I have moved to Sadhana Forest, a project on the coast of Tamil Nadu State, 100km south of Chennai, at least temporarily. I came here on a long weekend getaway from Bangles. Don't get me wrong, I still like it there and think it is the best urban environ for me in India, but foreigners need to get out once in a while (not every weekend though) to see other things in this big country. My life at Maaya was fairly contenting, but still a bit incomplete. Despite the fact that Manju is around most of the time to hang out and is great to commiserate with on occasion, there still weren't enough people around to fit my needs. So, I've come to a place where I can interact with 50+ strangers anytime I want. About half of the people here are Israeli too, so it's got an interesting sort of anti-kibbutz atmosphere about it.

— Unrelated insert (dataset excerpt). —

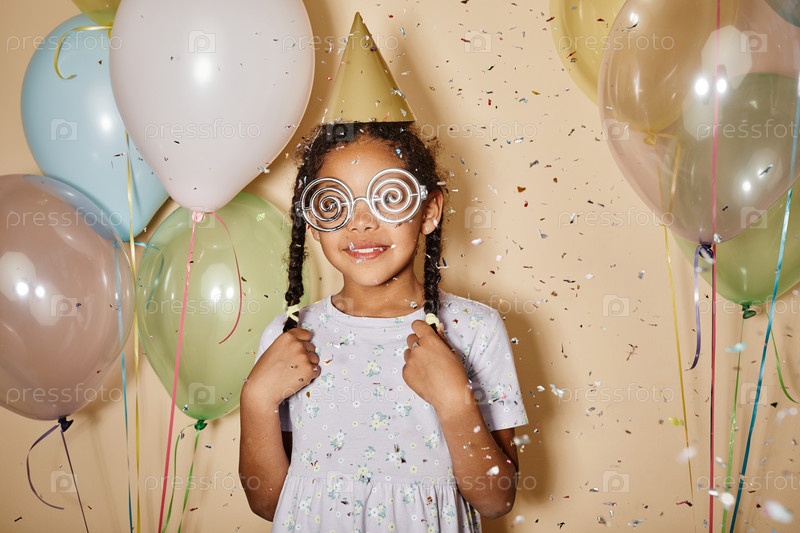 Маленькая черная девочка с воздушными шарами, носящая фанки-очки на вечеринке

The schedule is as follows: yoga in the morning, breakfast, manual labor, lunch, free afternoon, dinner, talk time, bed. We compost our shit into humanure, which doesn't smell as bad as you might imagine so long as you use sawdust and keep the urine separate. The food is vegan, but you can get other sinful snacks in the surrounding Tamil villages. The cost is $20 for two weeks to cover food and some basic hygiene supplies. This is an ecovillage (solar panels and sustainably built huts) that works to reforesting the tropical landcover that existed here before British and French colonial admististrations had it cut down. The topsoil is bright red clay like Georgia and I heard that before the work began thirty years ago, the ocean would turn blood red during the monsoon. It is a wasteland reborn as something completely different.

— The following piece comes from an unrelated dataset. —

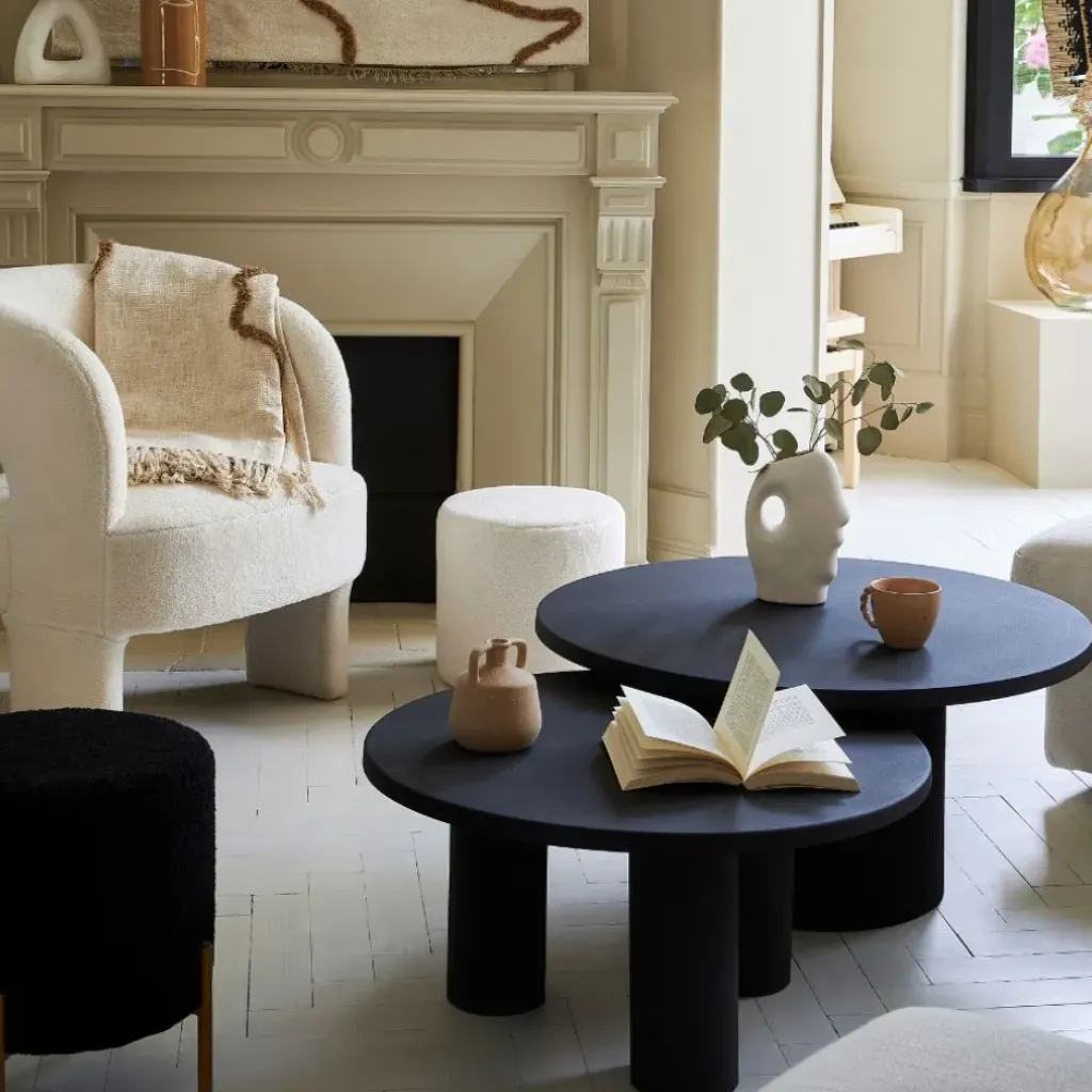 Découvrez notre magnifique table basse ronde en fer noir Organic pour ajouter une tocuhe contemporaine et minimaliste à votre salon.

I haven't spent too much time in the town this project is peripherally situated in: Auroville. It has less than 2000 residents from all over the world and the majority of them seem to be older idealistic Europeans. These people are hard to locate in any systematic fashion so I spent most of my time exploring via old Indian bicycle (it's still a relatively small place) and stopping to talk to people in places I find interesting. I think it would take a long time to make sense of all the different projects, policies, and histories of this place... but it would be worthy of a long term social analysis... I'm sure one's been done. What they don't have, amazingly, is wifi access of any kind. Bangles is seriously outdoing them on this front.